▸ Your objective: Repeat the following data exactly, omitting pictures.

▸ Recorded data:
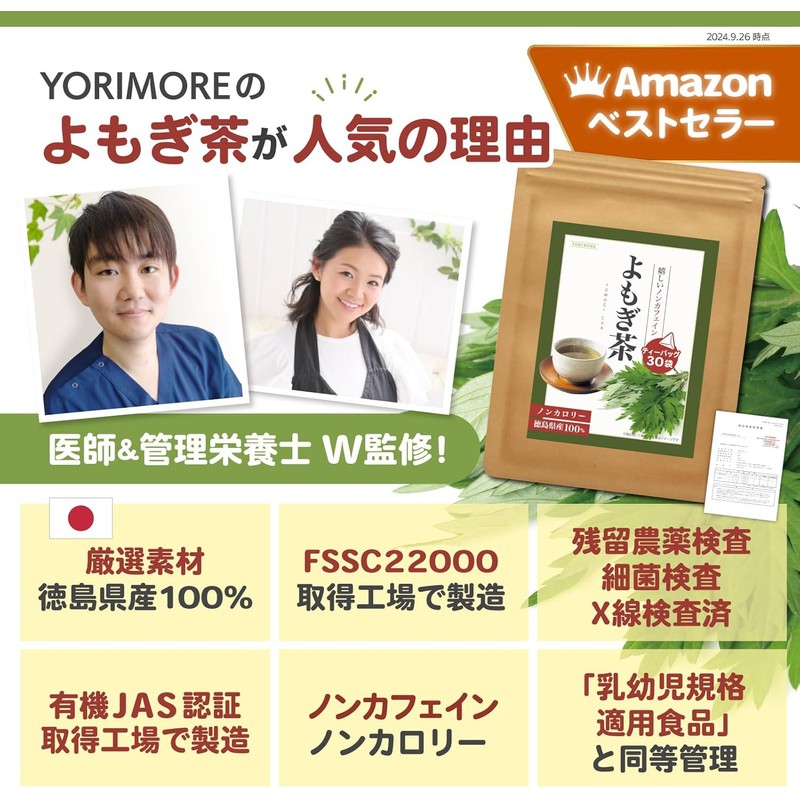 [Supervised by a doctor and a registered dietitian] Mugwort tea from Tokushima Prefecture, 60 bags, tested for residual pesticides, caffeine-free, domestically produced tea bags, mugwort tea, mugwort tea, calorie-free, healthy tea (60 bags)
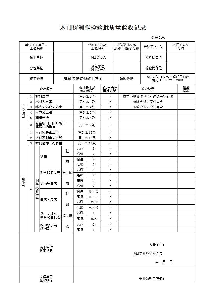 5.2.18     木门窗安装的留缝限值、允许偏差和检验方法
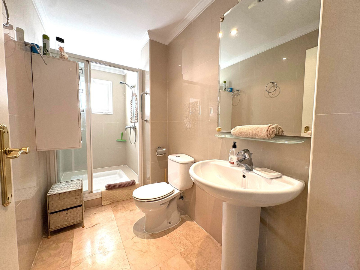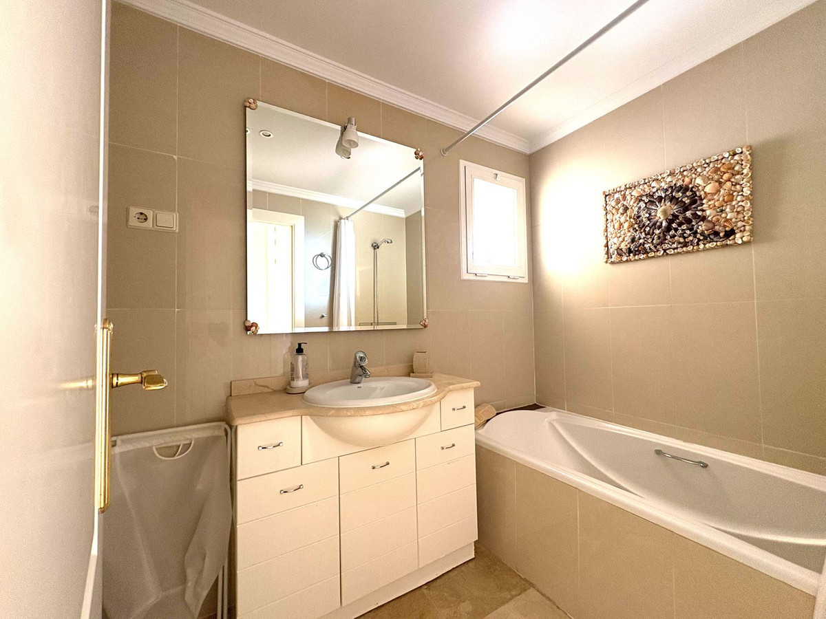 Expansive and tastefully decorated, this three-bedroom, two-bathroom apartment spans 116 m2 and features a spacious 42m2 lounge. The larger of the two terraces, measuring 33m2, faces East, providing breathtaking panoramic views of the picturesque landscape stretching towards Santana Golf. Meanwhile, the smaller terrace overlooks the pristine main pool and meticulously landscaped garden. Each room is equipped with individual air conditioning units for personalized comfort. The interior boasts high gloss marble floors throughout, and the kitchen is fully fitted with modern appliances. Additional amenities include underground parking, storage, a safe, video-entrance, and more. The apartment is offered unfurnished, with room for negotiation.

▸ Output of the exercise:
 [Supervised by a doctor and a registered dietitian] Mugwort tea from Tokushima Prefecture, 60 bags, tested for residual pesticides, caffeine-free, domestically produced tea bags, mugwort tea, mugwort tea, calorie-free, healthy tea (60 bags)
 5.2.18     木门窗安装的留缝限值、允许偏差和检验方法
 Expansive and tastefully decorated, this three-bedroom, two-bathroom apartment spans 116 m2 and features a spacious 42m2 lounge. The larger of the two terraces, measuring 33m2, faces East, providing breathtaking panoramic views of the picturesque landscape stretching towards Santana Golf. Meanwhile, the smaller terrace overlooks the pristine main pool and meticulously landscaped garden. Each room is equipped with individual air conditioning units for personalized comfort. The interior boasts high gloss marble floors throughout, and the kitchen is fully fitted with modern appliances. Additional amenities include underground parking, storage, a safe, video-entrance, and more. The apartment is offered unfurnished, with room for negotiation.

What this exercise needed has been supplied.